■ GOAL OF THE EXERCISE
Reproduce all entries verbatim, with nothing added or dropped.

┌─ MATERIAL TO PROCESS

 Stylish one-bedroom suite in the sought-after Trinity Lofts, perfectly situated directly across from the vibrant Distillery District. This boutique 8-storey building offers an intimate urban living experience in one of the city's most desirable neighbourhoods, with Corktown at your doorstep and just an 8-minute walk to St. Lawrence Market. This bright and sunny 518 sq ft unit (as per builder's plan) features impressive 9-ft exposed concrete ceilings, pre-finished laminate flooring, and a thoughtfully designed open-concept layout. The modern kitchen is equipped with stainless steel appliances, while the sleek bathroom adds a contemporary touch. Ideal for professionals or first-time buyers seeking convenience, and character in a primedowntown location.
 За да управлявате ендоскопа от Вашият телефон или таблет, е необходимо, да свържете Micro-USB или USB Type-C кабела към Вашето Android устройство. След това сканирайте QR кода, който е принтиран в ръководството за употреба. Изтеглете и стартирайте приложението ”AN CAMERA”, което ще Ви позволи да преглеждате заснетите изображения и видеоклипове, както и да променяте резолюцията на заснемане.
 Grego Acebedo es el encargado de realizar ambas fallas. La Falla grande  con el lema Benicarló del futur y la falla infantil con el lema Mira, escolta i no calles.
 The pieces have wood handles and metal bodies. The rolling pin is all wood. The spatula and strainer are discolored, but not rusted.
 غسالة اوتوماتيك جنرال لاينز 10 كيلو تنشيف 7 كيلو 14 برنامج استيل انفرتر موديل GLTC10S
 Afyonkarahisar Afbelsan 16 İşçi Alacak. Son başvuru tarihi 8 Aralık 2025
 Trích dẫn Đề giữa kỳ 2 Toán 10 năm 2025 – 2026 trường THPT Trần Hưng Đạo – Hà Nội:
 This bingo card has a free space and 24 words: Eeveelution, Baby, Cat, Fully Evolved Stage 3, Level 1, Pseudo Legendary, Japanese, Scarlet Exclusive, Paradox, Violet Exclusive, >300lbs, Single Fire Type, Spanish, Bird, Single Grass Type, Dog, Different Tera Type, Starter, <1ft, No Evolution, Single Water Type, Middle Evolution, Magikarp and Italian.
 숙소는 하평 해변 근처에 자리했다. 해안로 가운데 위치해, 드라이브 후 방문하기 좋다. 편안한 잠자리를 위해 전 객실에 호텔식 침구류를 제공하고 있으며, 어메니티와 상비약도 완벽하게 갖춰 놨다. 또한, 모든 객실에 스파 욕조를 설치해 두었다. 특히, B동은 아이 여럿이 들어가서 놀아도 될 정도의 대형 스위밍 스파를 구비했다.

└─

■ RESPONSE BOX
 Stylish one-bedroom suite in the sought-after Trinity Lofts, perfectly situated directly across from the vibrant Distillery District. This boutique 8-storey building offers an intimate urban living experience in one of the city's most desirable neighbourhoods, with Corktown at your doorstep and just an 8-minute walk to St. Lawrence Market. This bright and sunny 518 sq ft unit (as per builder's plan) features impressive 9-ft exposed concrete ceilings, pre-finished laminate flooring, and a thoughtfully designed open-concept layout. The modern kitchen is equipped with stainless steel appliances, while the sleek bathroom adds a contemporary touch. Ideal for professionals or first-time buyers seeking convenience, and character in a primedowntown location.
 За да управлявате ендоскопа от Вашият телефон или таблет, е необходимо, да свържете Micro-USB или USB Type-C кабела към Вашето Android устройство. След това сканирайте QR кода, който е принтиран в ръководството за употреба. Изтеглете и стартирайте приложението ”AN CAMERA”, което ще Ви позволи да преглеждате заснетите изображения и видеоклипове, както и да променяте резолюцията на заснемане.
 Grego Acebedo es el encargado de realizar ambas fallas. La Falla grande  con el lema Benicarló del futur y la falla infantil con el lema Mira, escolta i no calles.
 The pieces have wood handles and metal bodies. The rolling pin is all wood. The spatula and strainer are discolored, but not rusted.
 غسالة اوتوماتيك جنرال لاينز 10 كيلو تنشيف 7 كيلو 14 برنامج استيل انفرتر موديل GLTC10S
 Afyonkarahisar Afbelsan 16 İşçi Alacak. Son başvuru tarihi 8 Aralık 2025
 Trích dẫn Đề giữa kỳ 2 Toán 10 năm 2025 – 2026 trường THPT Trần Hưng Đạo – Hà Nội:
 This bingo card has a free space and 24 words: Eeveelution, Baby, Cat, Fully Evolved Stage 3, Level 1, Pseudo Legendary, Japanese, Scarlet Exclusive, Paradox, Violet Exclusive, >300lbs, Single Fire Type, Spanish, Bird, Single Grass Type, Dog, Different Tera Type, Starter, <1ft, No Evolution, Single Water Type, Middle Evolution, Magikarp and Italian.
 숙소는 하평 해변 근처에 자리했다. 해안로 가운데 위치해, 드라이브 후 방문하기 좋다. 편안한 잠자리를 위해 전 객실에 호텔식 침구류를 제공하고 있으며, 어메니티와 상비약도 완벽하게 갖춰 놨다. 또한, 모든 객실에 스파 욕조를 설치해 두었다. 특히, B동은 아이 여럿이 들어가서 놀아도 될 정도의 대형 스위밍 스파를 구비했다.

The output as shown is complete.